Genève

24 septembre 2019 13:43; Act: 25.09.2019 16:52 Print

Les profs dénoncent un devoir d'exemplarité flou

Les associations d'enseignants estiment que la nouvelle directive mise en place par le DIP ouvre la porte à toutes sortes d'interprétations.

storybild

Les enseignants craignent de se voir blâmer pour des activités accomplies hors de l'école. (Photo: Keystone/Salvatore di Nolfi)

Une faute?

Profs du primaire, du cycle d'orientation et du secondaire II, ainsi que syndicats. Mardi, ils étaient tous réunis afin de dénoncer la nouvelle directive qui vise à protéger l'intégrité physique et psychique des enfants et des jeunes, ainsi qu'au respect de leur dignité. Les enseignants accusent le texte de rater sa cible tout en menaçant leurs libertés individuelles. «Il ne s'agit pas de remettre en cause l'objectif de protection des élèves qui est fondamental pour nous», a déclaré en préambule Francesca Marchesini, présidente de la Société pédagogique genevoise (école primaire).

Les associations professionnelles estiment que le travail de rédaction de cette directive a été fait trop rapidement, dans le sillage de «l'affaire Ramadan et d'autres abus, qui ne concernent qu'une minorité de maîtres et maîtresses», a précisé Francesca Marchesini. Elles reprochent également au Département de l'instruction publique (DIP) de ne pas avoir pris en compte les remarques formulées lors du processus de refonte.

Devoir d'exemplarité

Aux yeux des enseignants, ce document introduit une nouvelle notion, que David Fernex, de la Fédération des maîtres du cycle d'orientation (FAMCO), a définie comme la sphère publique. «Le DIP semble considérer que la sphère privée se réduit à notre appartement, rideau tiré. En dehors, nous sommes dans l'espace public et désormais manifestement soumis aux mêmes obligations que dans l'exercice de nos fonctions, notamment à un devoir d'exemplarité.»

C'est précisément là que le bât blesse.
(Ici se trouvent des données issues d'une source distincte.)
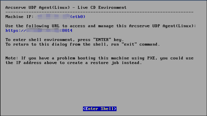 8.以下のようにIPアドレスが設定されていることと、リストア実施を設定する画面にアクセスするためのURLが表示されていることを確認します。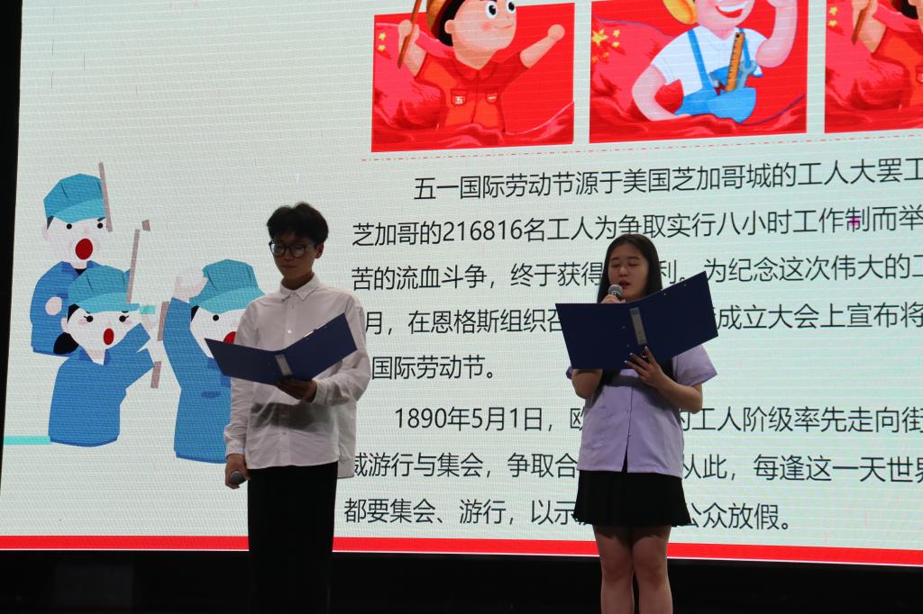 “光荣属于劳动者,幸福属于劳动者。”劳动创造世界,劳动创造未来,每一位辛勤付出的劳动者都值得被赞美和歌颂。信息技术系20级数媒一班吴思晓同学与21级数媒一班黄镇湘同学用举例的形式生动地为大家讲述了那些默默付出、不求回报的劳动者们感人的故事。让我们更加深入的了解了劳动者们吃苦耐劳、默默奉献的精神。然后由21级数媒一班刘馨励、杨文彪与国旗班的同学们演绎《毛泽东的责任田》故事:表现出当时毛主席出身于农家,一生简朴,以身作则。在延安时,他同指战员们一道,亲自动手,挖地、浇水、施肥、种地,不贪图个人享受,关心他人,尊老爱老,对孩子“约法三章”等故事,始终铭刻在人民的心中,成为我党树立良好形象的楷模。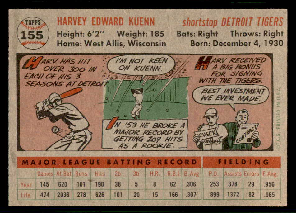 1956 Topps Baseball #155 Harvey Kuenn Tigers NR-MT Gray 541219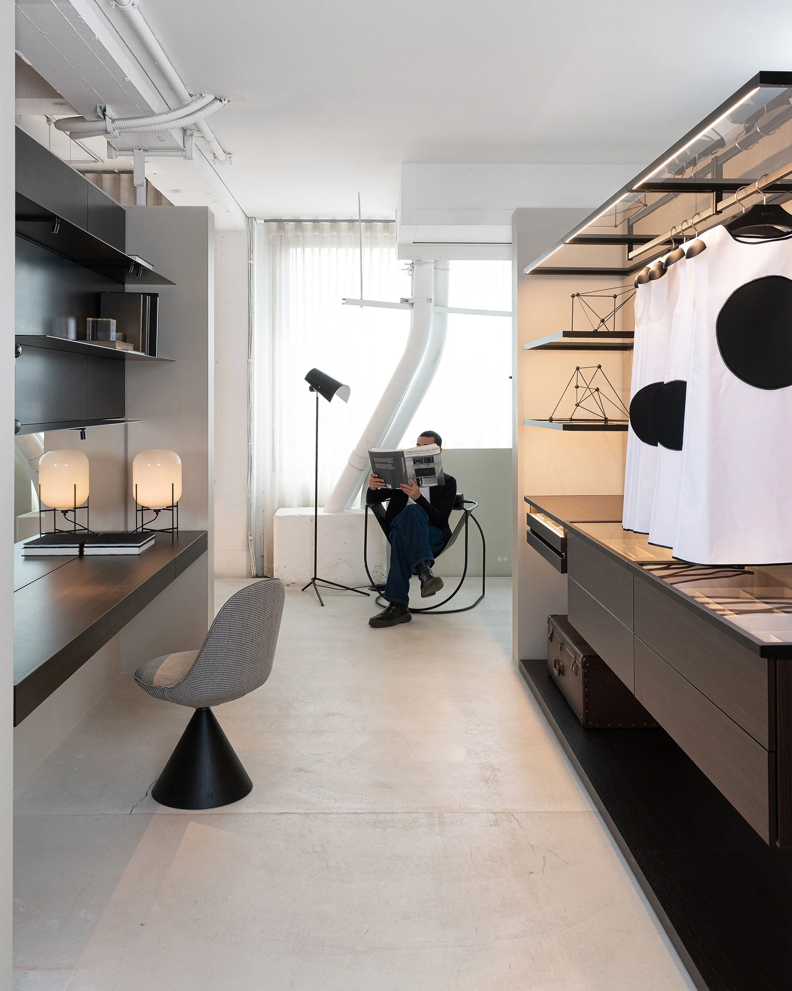 The corridor is transformed into a studio by the Load-it bookcase by Wolfgang Tolk with steel shelves and steel and mirror wall panels, accessorized with a Modern palissandro santos suspended top, perfectly matching the Romby chair by GamFratesi, whose truncated cone base in solid black stained ash wood, with an exquisite flared shape, is connected to a swivel upholstered seat, soft and compact, covered in black&white fabric.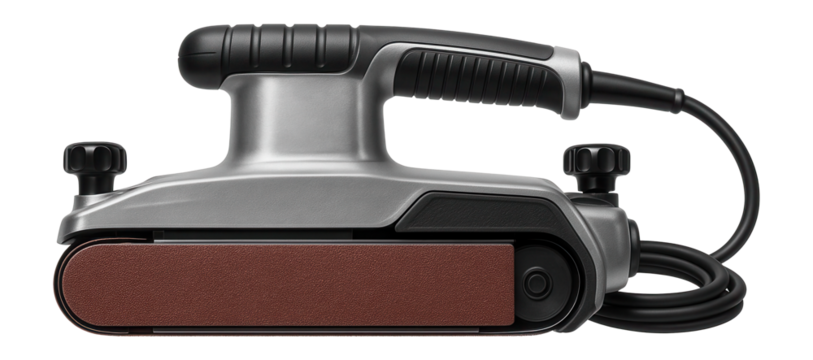 Belt sander with an elongated abrasive belt for carpentry workshops.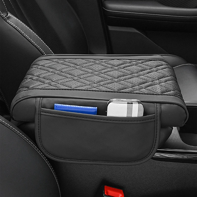 Universal with Side Storage Bag Center Armrest Protective Cushion Support Car Armrest Box Pad Elastic Sponge Leather Height Pad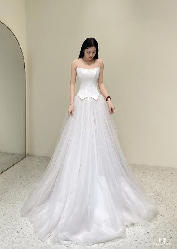 Chẳng cần đợi tới ngày cưới, các cô dâu của Luka Wedding vẫn dễ dàng trở thành công chúa trong chiếc váy cưới phù hợp với riêng nàng. Dù là váy cưới trễ vai ngọt ngào hay cúp ngực tinh tế, mỗi bộ váy đều giúp nàng khoe trọn ưu điểm cơ thể, và tạo cảm giác hiện đại nhưng vẫn vô cùng quyến rũ. Kết hợp corset siết eo liền thân, các cô dâu của Luka Wedding chắc chắn sẽ tự tin và tỏa sáng với vòng eo chuẩn 56 siêu mẫu.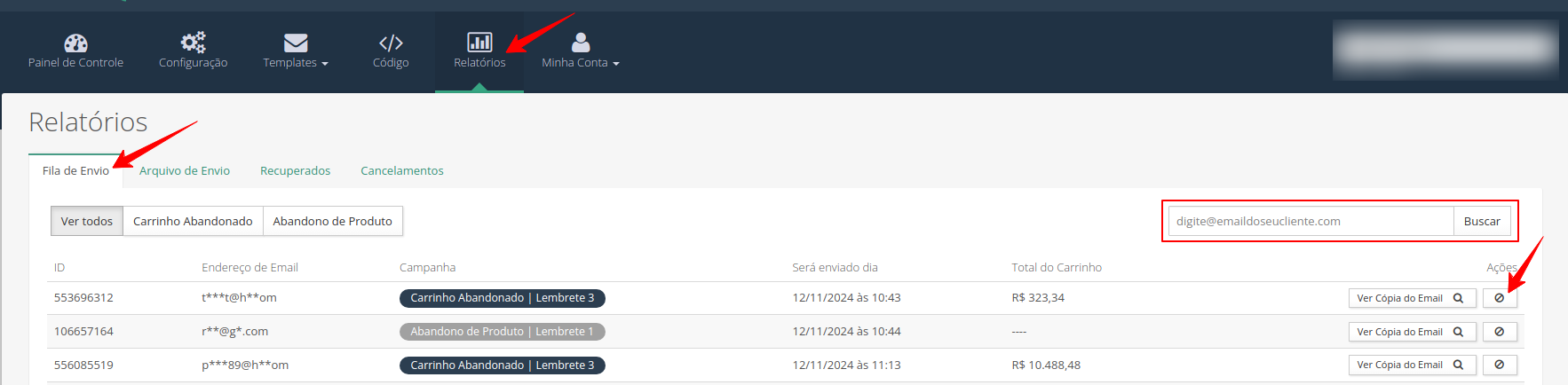 - Acesse o Painel do CartStack e vá até o menu Relatórios > Fila de Envio.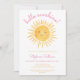 Este belo convite de chá de fraldas é decorado com uma aquarela e diz Hello Sunshine! em tipografia de na moda cor-de-rosa. Perfeito para o chá de uma menina. Facilmente personalizável. Original Watercolor © Michele Davies.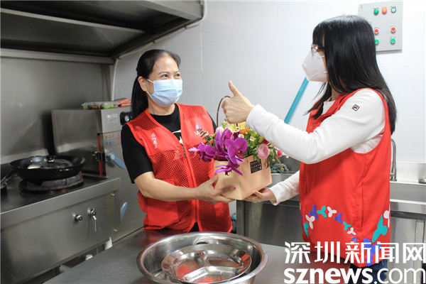 在社區(qū)廚房,老圍社區(qū)居民周文清正在忙碌,疫情開始以來,社區(qū)擔(dān)負(fù)著下沉人員和醫(yī)務(wù)人員的中餐和晚餐,每餐四五十人吃飯,任務(wù)繁重,廚師一人根本忙不過來。家住老圍花園的社區(qū)居民賴秀文、周文清得知情況后,立刻趕來幫廚,洗菜、切肉、炒菜、分裝飯盒、搞衛(wèi)生,樣樣都搶著干。羅湖區(qū)最美家庭賴秀文,一連兩個(gè)星期在社區(qū)幫廚,發(fā)揮她高超的廚藝,將每一道菜都做得色香味俱全。有了這些熱心居民的協(xié)助,一線人員得以及時(shí)吃上熱乎乎的飯菜,保障了防疫工作有序進(jìn)行。她們用自己的方式參與疫情防控,為社區(qū)安寧貢獻(xiàn)一己之力。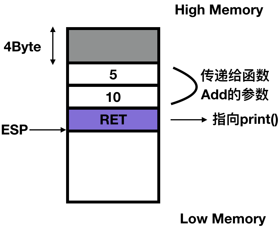当Add函数调用执行完毕之后,我们需通过某种方式返回到main函数中继续执行下面的指令,在本例中也就是执行print函数。解决这个问题的方式就是将下一条指令的地址压入栈中: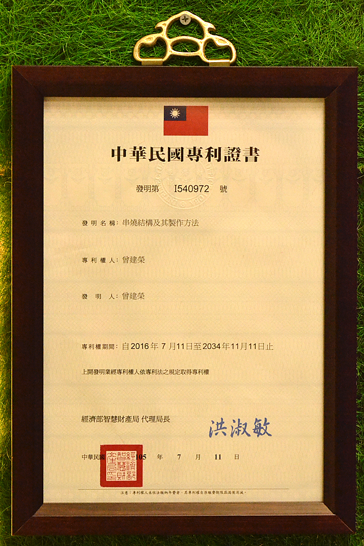 目前除了是台中排隊店外,今年也拿到了燒烤結構及其製作方法專利證書,成為台灣首間有專利證書的燒烤店!
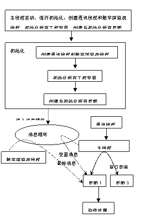 系统启动后,首先进行初始化所有工程变量,创建并初始化所有页面,并创建其他线程,包括通讯线程和数字屏监视线程,接着进入消息循环处理,有相应的消息到达,则交给相应的页面处理。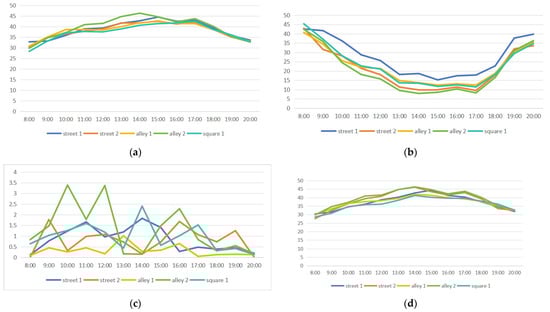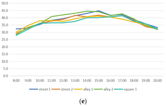 Figure 6d shows the temperature changes of the black globe at different measurement points from 8:00 to 20:00 on that day. It can be seen from the figure that the black-globe temperature in the two small alleyway measurement points is higher, while the temperature at the square is lower.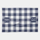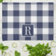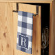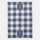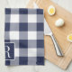 Custom-designed modern rustic kitchen towel featuring personalised monogram on navy blue buffalo check pattern.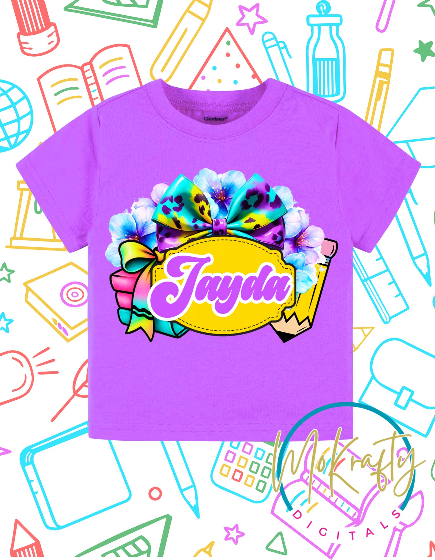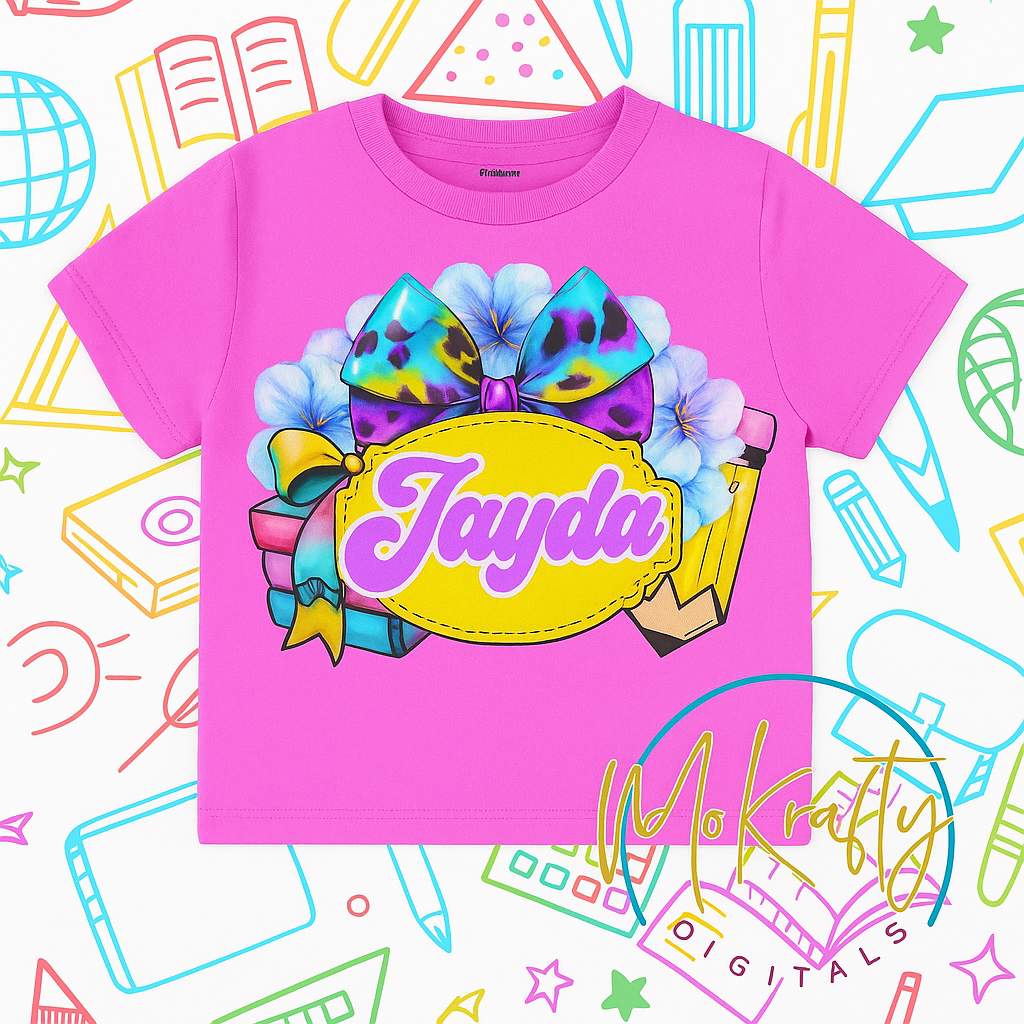 Make back-to-school season extra special with this colorful, customizable t-shirt design! Perfect for crafters and DIYers who sell personalized apparel, this editable Canva template lets you swap out the name in seconds. The design features a vibrant leopard-print hairbow, stacked books, pastel florals, and school supplies—ideal for creating standout shirts for girls heading back to class.

La directive, se basant sur une jurisprudence, définit le devoir d'exemplarité comme le fait «d'adopter pour le personnel enseignant en tout temps un comportement auquel les élèves puissent s'identifier». Il est également précisé que le devoir de fidélité englobe «les activités professionnelles et extra-professionnelles». David Fernex s'est inquiété de savoir si ces règles étaient désormais compatibles avec une activité politique ou associative hors de la vie scolaire. Son collègue Christophe Ebener, de l'Union du corps enseignant secondaire genevois s'est quant à lui interrogé sur la possibilité pour un enseignant de critiquer l'Etat dans le cadre d'une activité militante privée. Enfin, Chadlia Keller, de l'Union, a trouvé préoccupant le fait de devoir être en tout temps un modèle d'identification: particulièrement difficile quand on a affaire à des adolescents, «qui sont dans la confrontation». Elle craint que cela puisse être reproché aux enseignants.

Quelles solutions?

Au-delà des exemples, les enseignants dénoncent une judiciarisation de la société et estiment que la directive est trop floue, ouvrant ainsi la porte à l'arbitraire. «Que pouvons-nous faire et qu'est-ce qui est proscrit?» se demandent les associations professionnelles sans pour autant être tout à fait d'accord sur la solution à adopter. Par voie de communiqué, elles demandaient le «retrait immédiat de la directive». Mardi, Christophe Ebener était d'avis que le DIP devait préciser ce qu'il entendait par devoir d'exemplarité. «Il faut fixer des bornes.» Quant à Michel Pomatto, du Syndicat des services publics, il mettait en garde contre l'élaboration d'une «liste à la Prévert».

Interdiction de l'arbitraire

Interrogé, le DIP a précisé que «les principes fondamentaux du dispositif légal suisse et genevois interdisent l'arbitraire et garantissent le droit d'être entendu avant toute prise de décision, cette directive ne déroge pas à ces principes fondamentaux. De même, les dispositions relatives à la liberté d'expression sont respectées et ne sont nullement entravées par cette directive qui rappelle et explicite les dispositions légales existantes». Le département a par ailleurs rappelé «sa volonté d'accompagner la mise en œuvre de cette directive par des échanges au sein des services et établissements scolaires». Enfin, il s'est voulu rassurant quant au «soutien à apporter aux membres du personnel qui peuvent être victimes de violence à leur encontre».